All of this, before the age of thirteen. To this day, I have never loved my body. Not once, for even a second. I don’t know if I ever will be able to. To this day, after many years of love and healing, I still struggle. With eating comes guilt. With starvation comes hope. My youth was shattered before it even began. Every time I try to pick up the pieces, they only cut my skin, leaving scars that still remain today.
But I was strong; I could endure the arrows aimed at me. However, the monster was not satisfied; it wanted more.
The main pastor of this church, also my great aunt’s husband, is pretty lousy. Sorry, scratch that. He’s really lousy. From using the church’s money for his wife’s dance studio to not paying the church workers for years, I learned the definition of corruption thanks to him. Only after many years did I finally became aware of all the deep, dark secrets the adults had hidden from us. I now know that the monster did not limit itself to fragile teenage girls.
My church was not a church. It wasn’t as extreme as a cult, but just as destructive. There were no creepy chants, but there were definitely questionable aspects.
Well, why didn’t we leave? My sister wanted to leave for years, but our parents told us that it wasn’t the right time yet. Ever since they first came to America, they gave their blood, sweat, and tears to this church. And to be honest, despite all this crap, we still loved this church.

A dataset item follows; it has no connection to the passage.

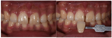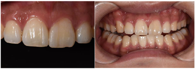 11、21贴面试戴,邻接可,外形佳,边缘密合,色泽与天然牙匹配,患者满意同意粘接,粘结后检查正中颌、前伸颌及侧方颌,咬合无明显异常。粘结后3个月复诊检查,11、21牙邻面贴面固定在位无折裂,边缘密合且无明显着色、修复体颜色无明显改变,检查正中颌、前伸颌及侧方颌,咬合无明显异常。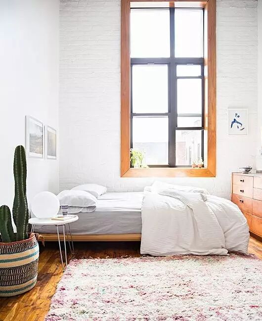 大面积的白墙中点缀一两面红砖

We had hope.
My train of thought slams on its brakes as it senses something wrong. The main pastor has paused too long. Suffocating silence fills the room. Everyone looks up from their phones in confusion. After a few seconds of eternity, he finally speaks.
“It doesn’t seem like you are paying attention to the sermon.”
What the f—
I would have laughed if I wasn’t so shocked. A deafening silence drowned out my ears. The maroon chair underneath me became a seat of thorns. The white walls in the sanctuary melted into an shrieking black hole. After the shock passed, I felt something I had never felt before. Uncontrollable rage. It was a ferocious inferno that was consuming everything within me. And I wasn’t going to burn by myself. I stood up, walked up to the main pastor, and punched him in the face. I wish I did that. But I didn’t want to stoop to his filthy level. You don’t avoid poop because you’re scared of it. You avoid it because it’s nasty. And ultimately, it was my last sign of respect towards him.

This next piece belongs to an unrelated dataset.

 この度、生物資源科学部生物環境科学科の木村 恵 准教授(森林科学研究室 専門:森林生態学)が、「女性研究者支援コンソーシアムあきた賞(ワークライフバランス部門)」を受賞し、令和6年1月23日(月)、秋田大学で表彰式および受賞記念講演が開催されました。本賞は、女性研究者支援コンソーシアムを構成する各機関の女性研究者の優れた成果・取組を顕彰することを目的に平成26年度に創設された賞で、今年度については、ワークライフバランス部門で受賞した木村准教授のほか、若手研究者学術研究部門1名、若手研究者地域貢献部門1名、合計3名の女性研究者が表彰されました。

For the rest of the sermon, I kept my eyes on my shoes. I knew if I looked at the main pastor, I would punch him. I knew if I looked at my mom, I would do something much worse to him. I studied every detail of my shoes until I heard the piano signaling the end of the sermon.

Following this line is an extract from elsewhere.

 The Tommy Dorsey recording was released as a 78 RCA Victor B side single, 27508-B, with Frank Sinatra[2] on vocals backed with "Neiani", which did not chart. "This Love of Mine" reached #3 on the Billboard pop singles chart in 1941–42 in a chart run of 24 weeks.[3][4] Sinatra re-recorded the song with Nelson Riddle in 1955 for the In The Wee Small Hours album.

Later that day, the main pastor apologized to my mom in his office.
“Mom, what did he say?”
“He just said sorry.”
“Why did he do that?”
“You’ll understand when you become older.”
“Mom… Is it the right time yet?”
“Yes. Now is the right time.”
His apology was almost as lousy as him. But it was too late. Later that month, my sister and I left the church that we had been attending since birth. Later that year, my parents left, too.
Looking back, I’m actually glad this happened because it was an opportunity to finally escape that toxic environment. After I left that church, although it was difficult to adjust to the healthy environment at my new church, I felt something I hadn’t felt in a long time: happiness. However, after a few years and another switch of churches, I realized that I truly loved and still love my first church. Despite all the pain and suffering it brought to countless families and individuals, I was once happy there, too. That church holds my childhood, and the good memories are too precious to be tainted by a few dark ones.
In the end, I was able to escape the rotting tree. I’m still in the process of flushing out the poisonous toxins, but I don’t think I will ever be able to completely remove all the toxins. But that’s okay. It’s what makes me stronger.